La cosecha estaba sembrada y los campos, verdes, cuando Henry Bolton llegó a Friarsgate por primera vez desde el otoño anterior. Fue a contarles con tristeza que su buena esposa, la señora Agnes, había dado a luz a una niña muy débil en la fiesta de Santa Julia. La niña estaba con una nodriza, pues Agnes Bolton había muerto de fiebre puerperal después de parir. Esa tarde, Henry se sentó con Hugh en la sala.
– Rosamund se ve muy sana -dijo Henry Bolton.
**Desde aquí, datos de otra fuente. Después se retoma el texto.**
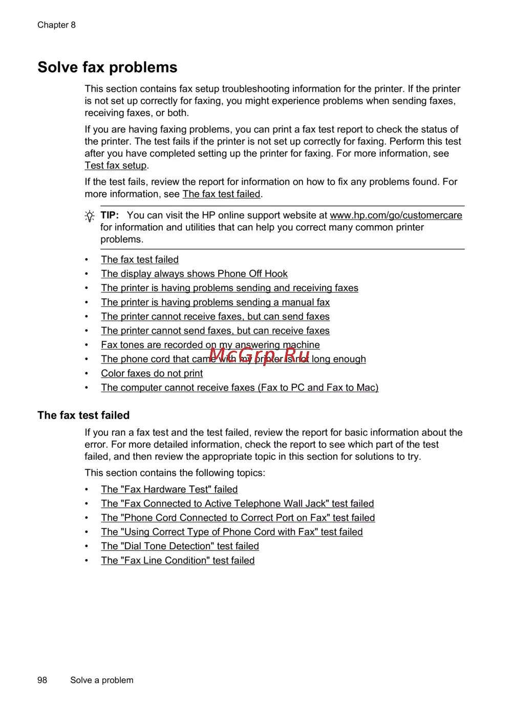 This section contains fax setup troubleshooting information for the printer. If the printer

Su sobrina lo había saludado muy cortésmente y, después de la comida, le había pedido a su esposo permiso para retirarse.
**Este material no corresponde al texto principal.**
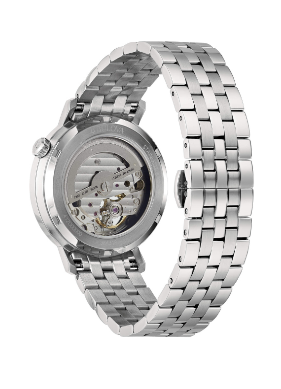 All’interno lavora unmovimento automatico Miyota 8215 a 21 rubini, visibile attraverso il fondello trasparente, che offre una riserva di carica di circa 40 ore. Il bracciale in acciaio con chiusura deployante completa un orologio versatile, ideale sia per l’uso quotidiano sia per contesti più eleganti.

– Es una niña fuerte -respondió Hugh.
– Parece que te estima.
– Soy como un abuelo para ella -murmuró Hugh.
– Espero que no la malcríes. ¿Has usado la vara con ella?
– No hizo falta… hasta ahora. Es una niña buena y obediente. Si se porta mal, remediaré la situación, te lo aseguro, Henry Bolton.
– ¡Bien! ¡Bien! -respondió Henry. Luego suspiró-. ¿Y tú, Hugh? ¿Tú también estás bien de salud? -Maldita Agnes, pensó, mientras hacía la pregunta. Si este viejo esposo de Rosamund se moría antes de que él tuviera otro hijo, seguro que perdería Friarsgate.
– Mi salud parece excelente, Henry -dijo Hugh, impertérrito, sabiendo exactamente qué le pasaba por la cabeza a su interlocutor y haciendo un esfuerzo por no reír.
– Debo volver a casarme -comentó de pronto Henry.
– Sí. Sería prudente.
– El hermano de Agnes sostiene que tengo que devolverle Otterly -le dijo Henry a Hugh.
– No, es tuya. Fue un regalo a Agnes cuando se casó contigo. Ella podía hacer con ella lo que quisiera. Dile a Robert que yo lo he dicho, pues fui yo quien redactó los papeles para transferir la propiedad a manos de ella. Busca entre las cosas de Agnes, Henry, y los encontrarás. Robert Lindsay tiene una copia. Él sabe que Otterly te pertenece a ti. Está intentando ver si puede robártela. Testificaré a tu favor ante cualquier tribunal de señorío. Si le dices esto a tu cuñado, no insistirá.
– Gracias -dijo Henry Bolton, reconfortado.
– Así que, cuando pase el año de luto, buscarás una nueva esposa. Era una buena mujer, mi prima Agnes. Será difícil encontrar otra tan buena como ella.
– Ya elegí a mi nueva esposa. No puedo estar un año haciendo duelo por Agnes. Tú no vivirás para siempre, Hugh. Tú sabes que quiero casar a mi próximo hijo con mi sobrina. Como mínimo, el muchacho debe haber sido destetado para eso -dijo Henry Bolton, con crudeza.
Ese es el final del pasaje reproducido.